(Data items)

____________________

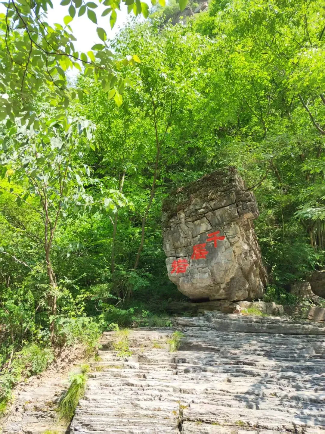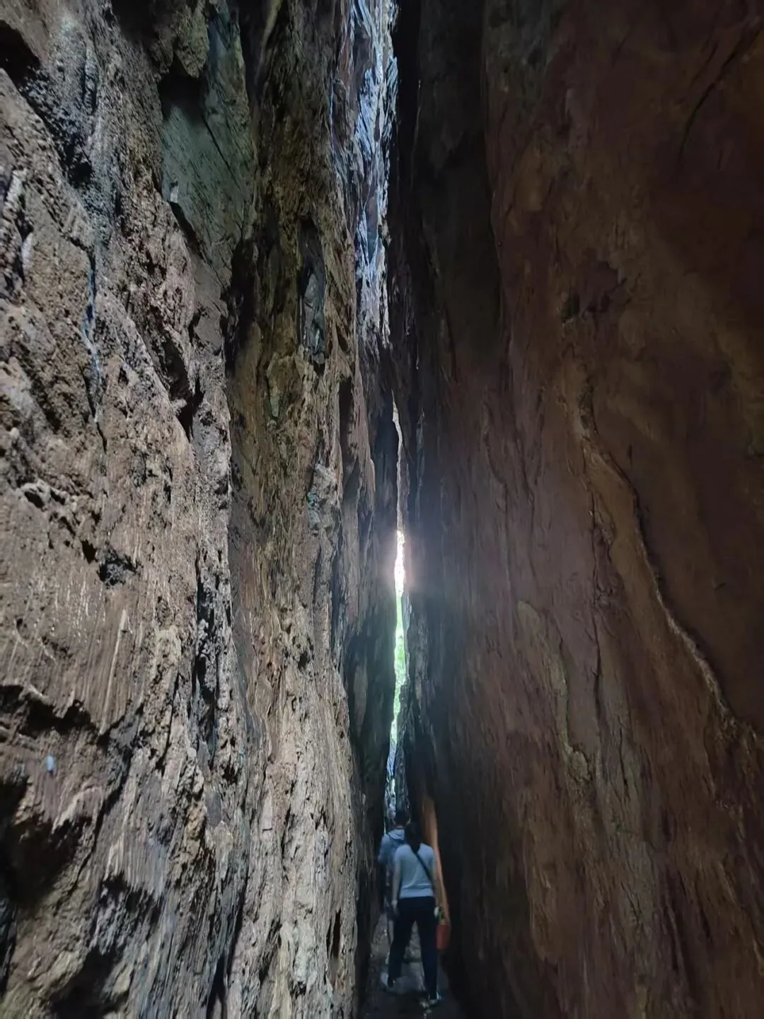 右侧的探秘路线,则是大自然的鬼斧神工之作。沿着千古河床缓步前行,脚下是亿万年水流冲刷形成的完整基岩面,光滑温润的石面上布满天然纹路,石中石景观千姿百态,边走边看,仿佛触摸岁月的痕迹。行至华北一线天,瞬间被大自然的壮阔震撼,65米长的峡谷裂缝最窄处仅0.6米,侧身方能通过,抬头只见一线天光穿透缝隙,洒下斑驳光影,岩壁渗出的清凉水汽让温度骤降,岩壁上的自然纹路如壁画般神奇,步步皆惊喜。
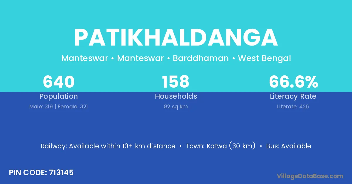 Katwa (30 km) is the nearest town to Patikhaldanga village for major economic activities and is located approximately 30 km away.
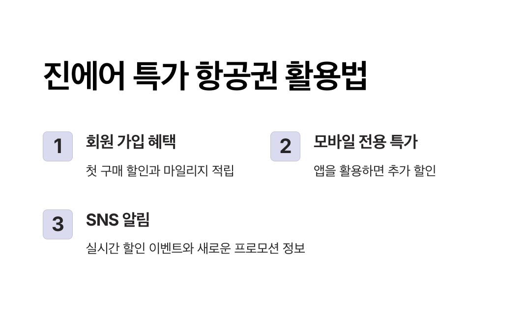 진에어 앱에서는 모바일 전용 특가 항공권을 제공하므로 앱을 활용하면 추가 할인을 받을 수 있습니다. - SNS 알림 활용
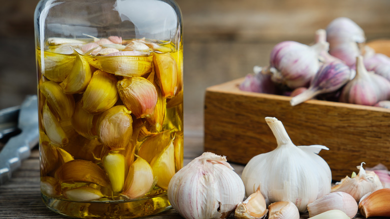There are several methods to infuse olive oil at home. Simmer your oil and aromatics on a stove for up to 15 minutes — just be sure not to let the oil boil to disrupt the flavor of the infusion. Once the oil is completely cooled, you can strain it and store it in an airtight container. Alternatively, you can leave your fresh herbs and oil in a bottle in the fridge for about a week. For herb-infused olive oil, you should leave it in a cool, dry place for about a month. If you use fresh herbs to infuse your olive oil, you should use the infusion within a week.
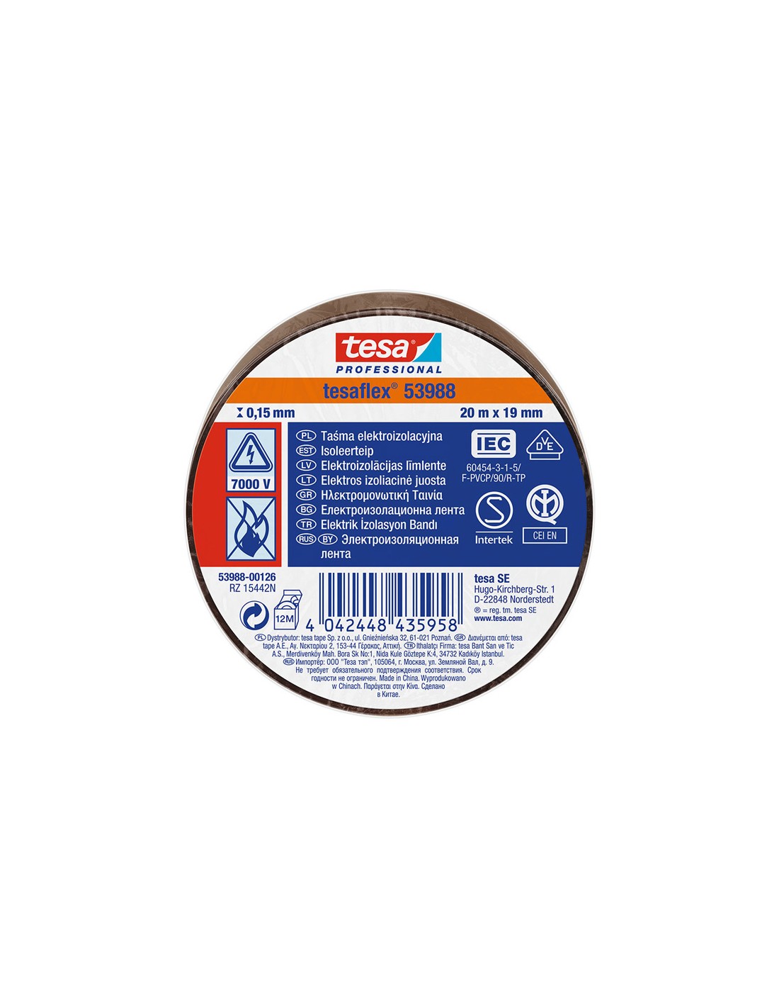 Cinta aislante homologada marrón 19 mm x 20 m
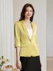 Jaqueta amarela de alta qualidade com manga de sete pontos e gola pequena, manga média feminina, primavera verão outono, nova blusa casual slim fit
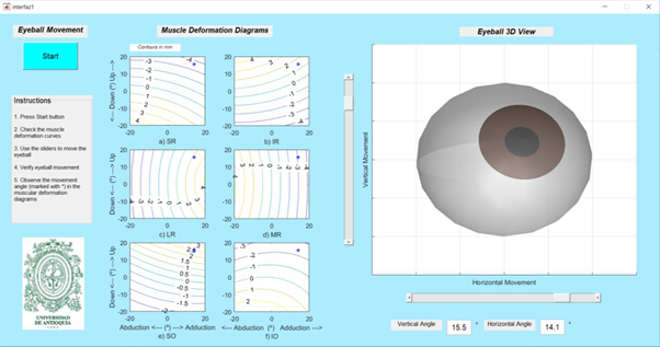 A computer application with a didactic interface was developed in MATLAB. It allows for visualization of eye movements, deformation curves, and the specific deformation state of the extraocular muscles associated with a desired orientation of the eyeball. This interface is proposed as a didactic tool for medical and clinical training.
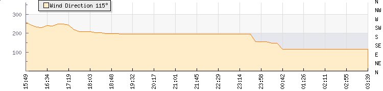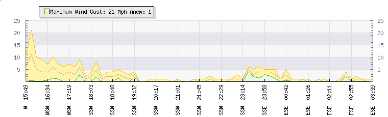 In the last few minutes the wind was East South East at an average speed of 0 mph, reaching up to 0 mph and a low of 0 mph. The gust strength is0 mph above the minimum speed |

____________________

## Work instruction:
Your copy should hold only the lines above from the one containing "Cinta aislante homologada" through the one containing "Jaqueta amarela de", exactly as written and free of pictures.

## Answer:
 Cinta aislante homologada marrón 19 mm x 20 m
 Jaqueta amarela de alta qualidade com manga de sete pontos e gola pequena, manga média feminina, primavera verão outono, nova blusa casual slim fit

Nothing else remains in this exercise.